[Dataset excerpts]
++++++++++
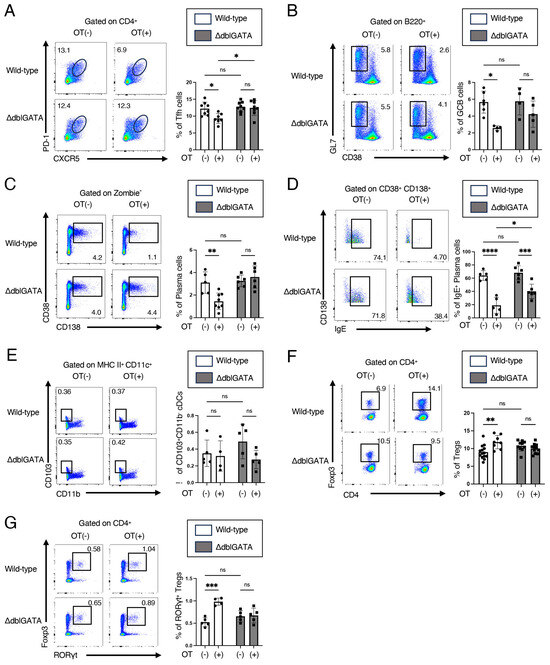 Eosinophils contribute to an increase in RORγt+ Tregs and attenuation of germinal center responses in mesenteric lymph nodes by oral tolerance induction. Similar to Figure 1A, ΔdblGATA mice and wild-type mice were freely given sterile water containing OVA (OT(+)) or control sterile water (OT(-)) for seven consecutive days, immunized i.p. with OVA/alum on days 14 and 28, and challenged i.g. with OVA on days 33 and 35. Two hours after the final challenge on day 35, mice were sacrificed, and cells from MLNs were analyzed using flow cytometry. (A) Representative dot plots of PD-1 vs. CXCR5 gated on CD4+ cells (left) and the frequencies of Tfh cells (CXCR5high PD-1high cells) in CD4+ cells (right). (B) Representative dot plots of GL7 vs. CD38 gated on B220+ cells (left) and the frequencies of GC B cells (GL7+ CD38− cells) in B220+ cells (right). (C) Representative dot plots of CD38 vs. CD138 gated on live cells (left) and the frequencies of plasma cells (CD38+ CD138+ cells) in live cells (right). (D) Representative staining of CD138 vs. IgE gated on CD38+ CD138+ cells (left) and the frequencies of IgE+ plasma cells (IgE+ cells) in CD38+ CD138+ cells (right). (E) Representative dot plots of CD103 vs. CD11b gated on I-A/I-E (MHC II)high CD11c+ cells (left) and the frequencies of CD11b− cDCs (CD103+ CD11b− cells) in live cells (right). (F) Representative dot plots of Foxp3 vs. CD4 gated on CD4+ cells (left) and the frequencies of Tregs (Foxp3+ CD4+ cells) in CD4+ cells (right). (G) Representative dot plots of Foxp3 vs. RORγt gated on CD4+ cells (left) and the frequencies of RORγt+ Tregs (Foxp3+ RORγt+ cells) in CD4+ cells (right). Data are compiled from three independent experiments, * p < 0.05, ** p < 0.01, *** p < 0.001, **** p < 0.0001. ns: not significant.
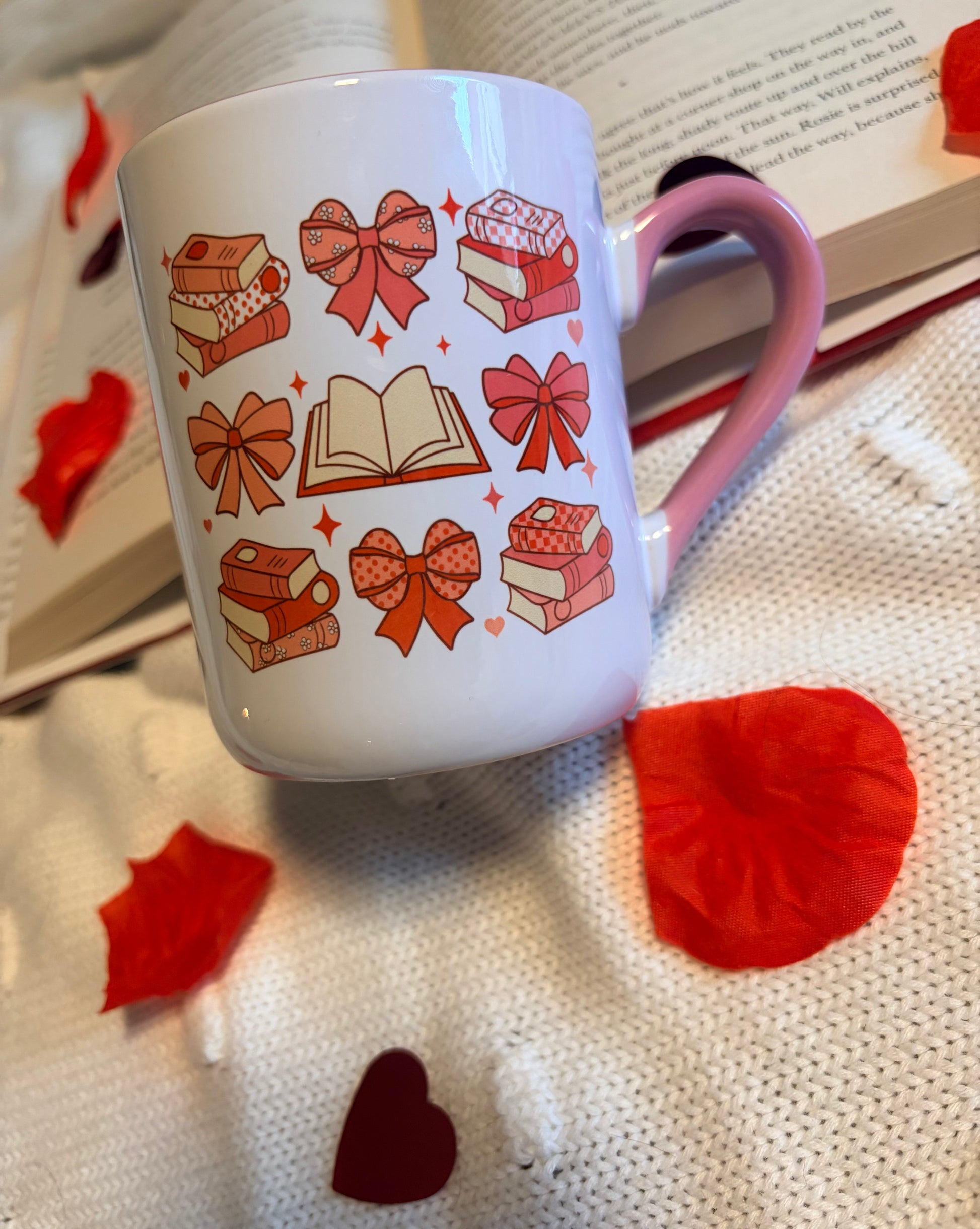 Maak van jouw leesmoment een écht verwenmoment met deze books and bows mok. De mok is gevuld met schattige boekige illustraties in roze tinten en heeft een zachte, romantische uitstraling die perfect past bij cozy avonden op de bank.
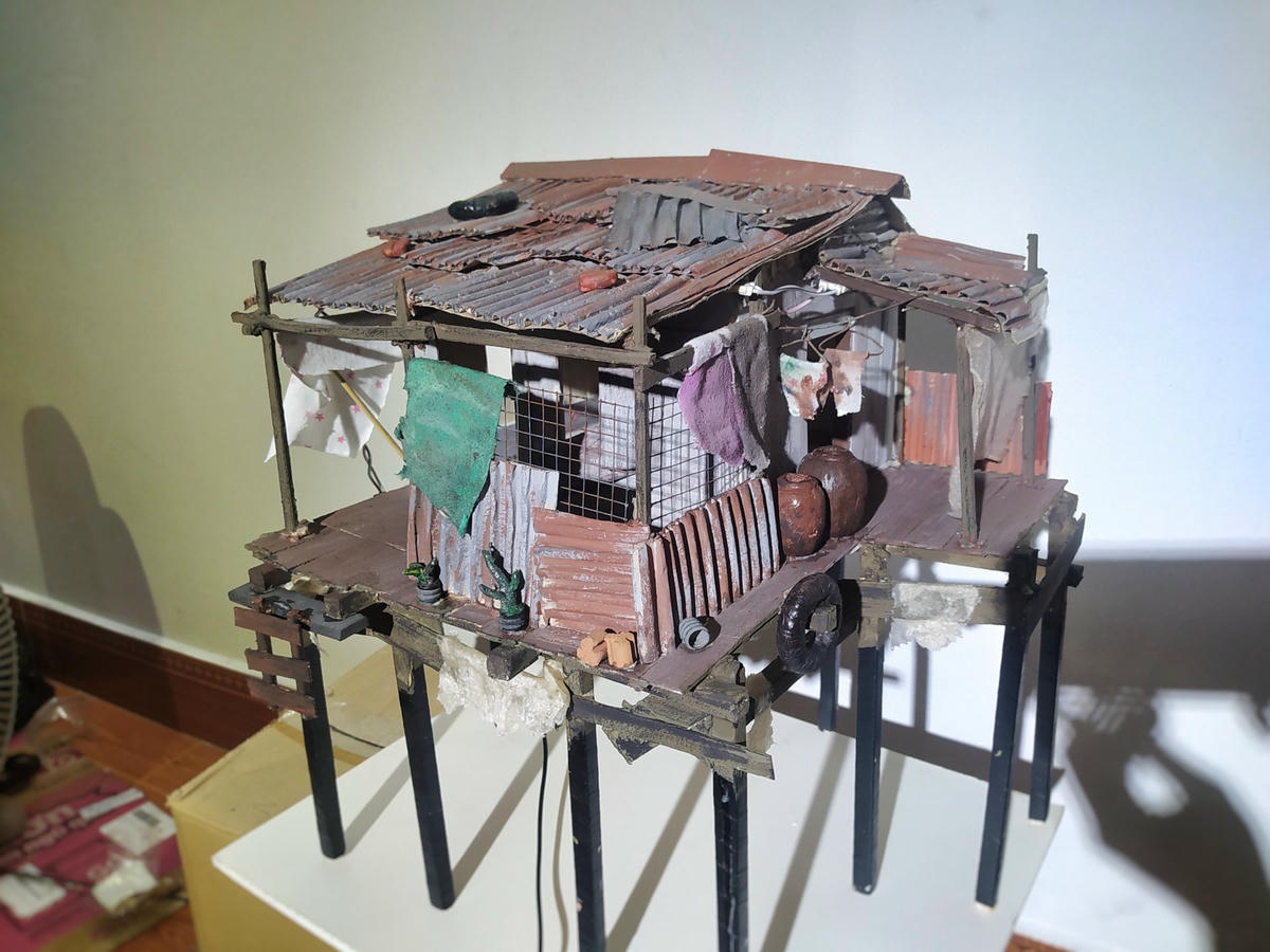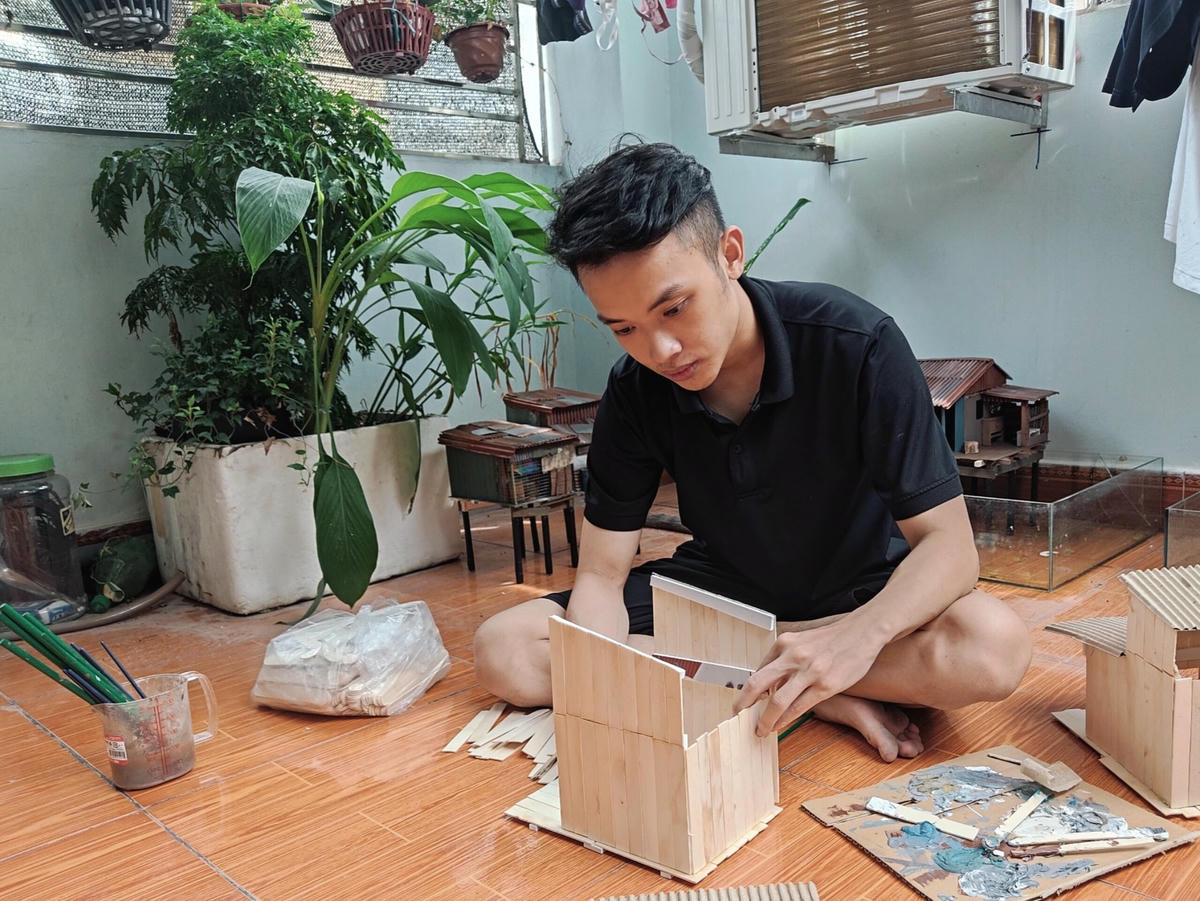 Từ nhiều năm nay, Vũ Thạch Dương - sinh viên Cao đẳng nghề Hải Dương đã thích thú với bể thủy sinh. Do chưa tự lập về kinh tế, việc chơi tiểu cảnh đắt tiền vượt quá khả năng chi tiêu, cậu quyết định tự tay làm một mô hình tái hiện những ngôi nhà trên sông theo phong cách riêng.
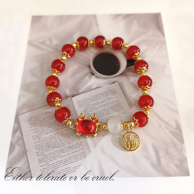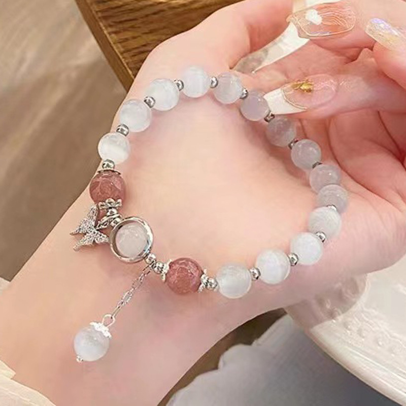 蝴蝶琉璃手链流苏女生ins小众设计森系甜美冰裂彩珠闺蜜手串批发
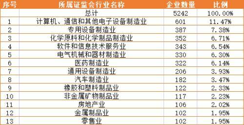 其中计算机、通信和其他电子设备制造业的企业数量最多,达到了11.47%。需要指出的是,次新股中该行业的企业数量占比更是高达21.89%,换句来说,近一年新上市公司中,每5家便有一家属于该行业。
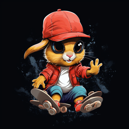 baby rabbit with cap and headphones riding skateboard, vector, screen printing, sticker, bright colors, high detail
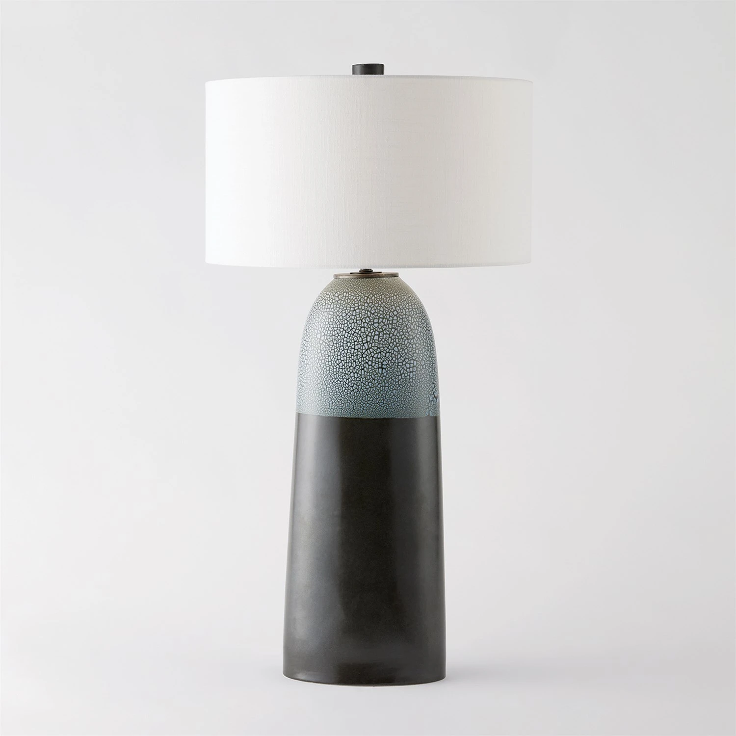 The Terra Lamp is constructed of Portuguese slip-cast ceramic and features a contrasting crackled finish on the top half of the piece. Includes a hardback fabric shade.
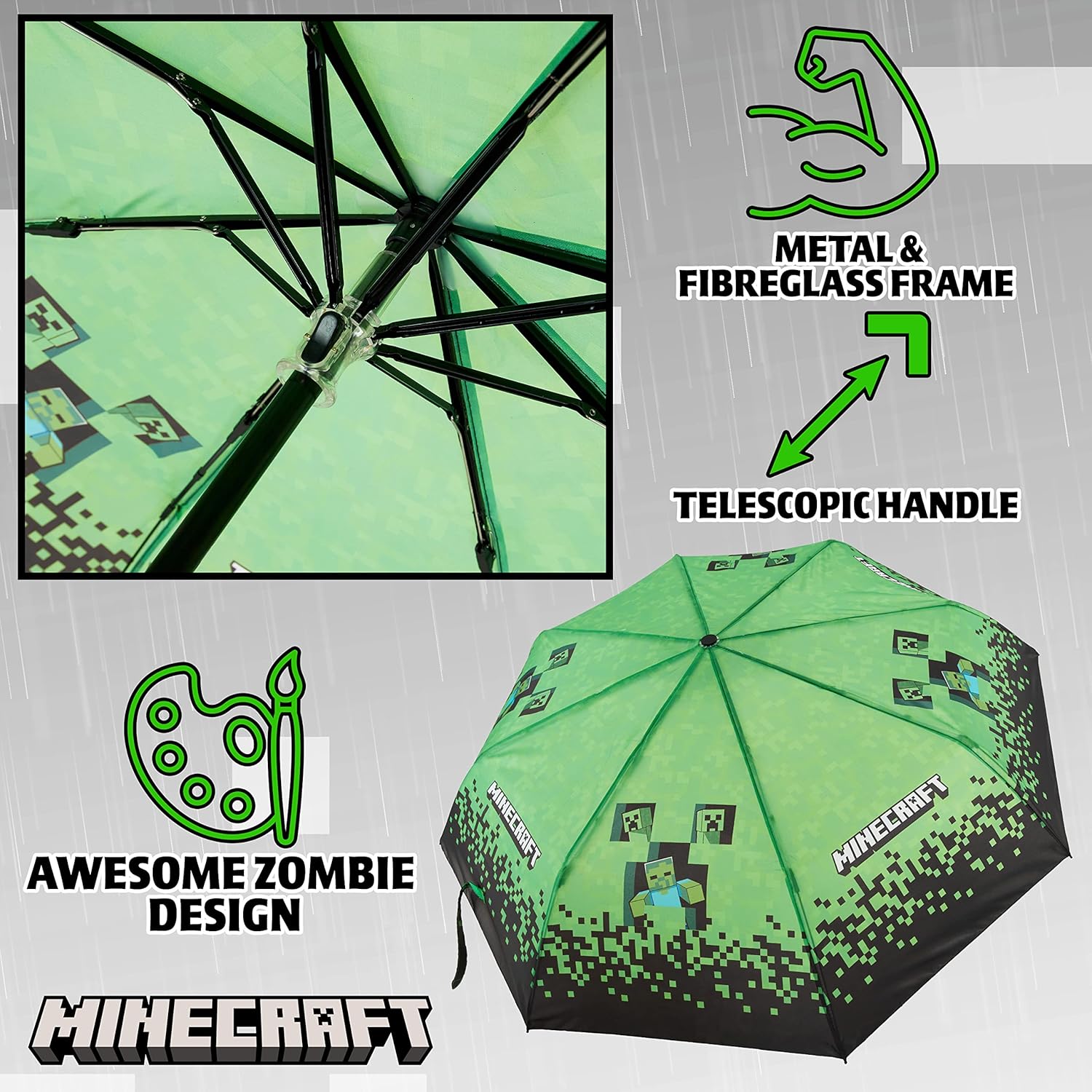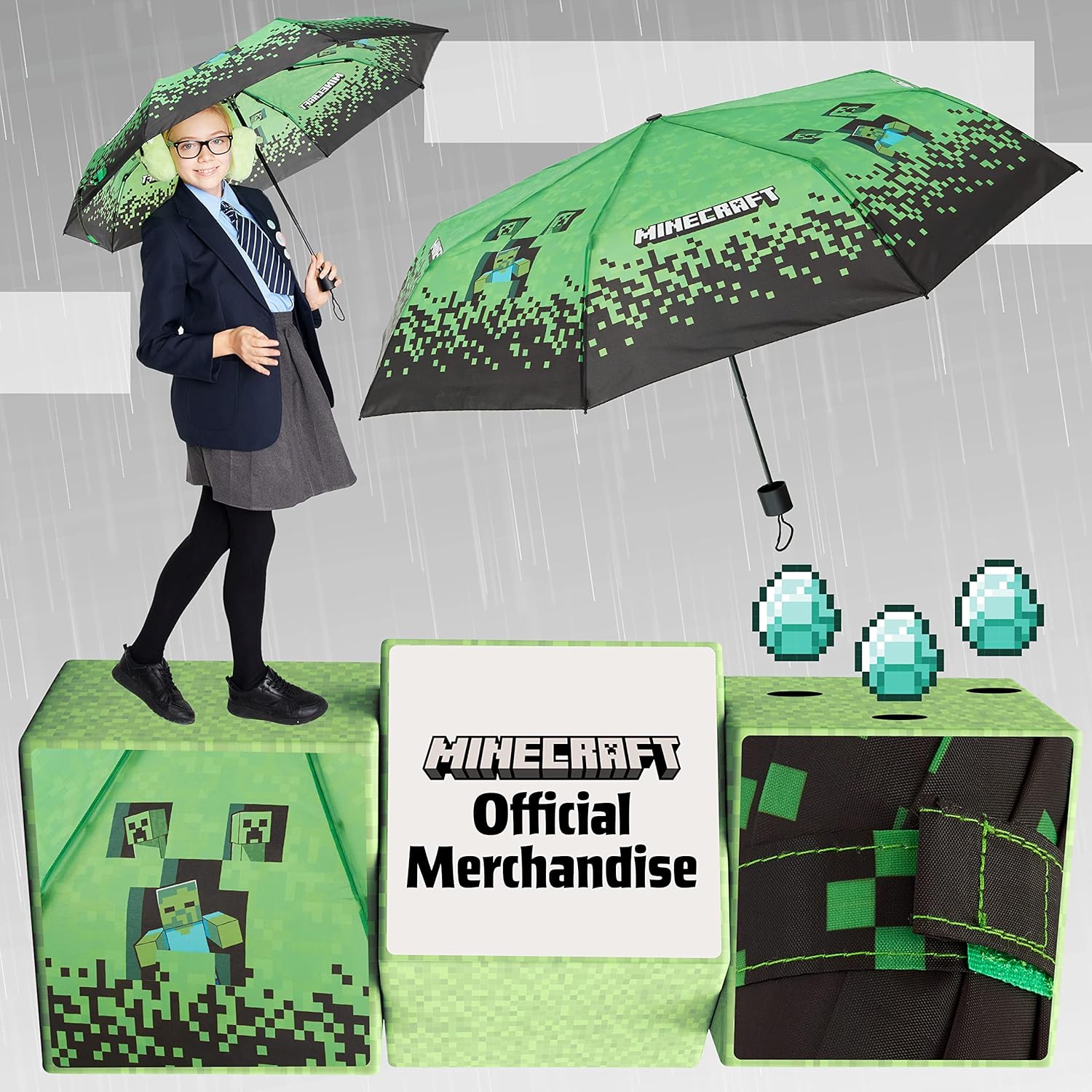 Make rainy days fun with the Minecraft boys and girls umbrella! Featuring vibrant Minecraft graphics, this portable umbrella is perfect for fans of the game. Lightweight and easy to carry, it’s ideal for travel, outdoor adventures, or daily use. Fits easily in bags, keeping you prepared and stylish on any rainy day. Check out the images for more details!
++++++++++
__Directions for this task__
Repeat each line word for word, from the one with "The Terra Lamp" down to the last line of the data, and keep the pictures out of it.

__Written answer__
 The Terra Lamp is constructed of Portuguese slip-cast ceramic and features a contrasting crackled finish on the top half of the piece. Includes a hardback fabric shade.
 Make rainy days fun with the Minecraft boys and girls umbrella! Featuring vibrant Minecraft graphics, this portable umbrella is perfect for fans of the game. Lightweight and easy to carry, it’s ideal for travel, outdoor adventures, or daily use. Fits easily in bags, keeping you prepared and stylish on any rainy day. Check out the images for more details!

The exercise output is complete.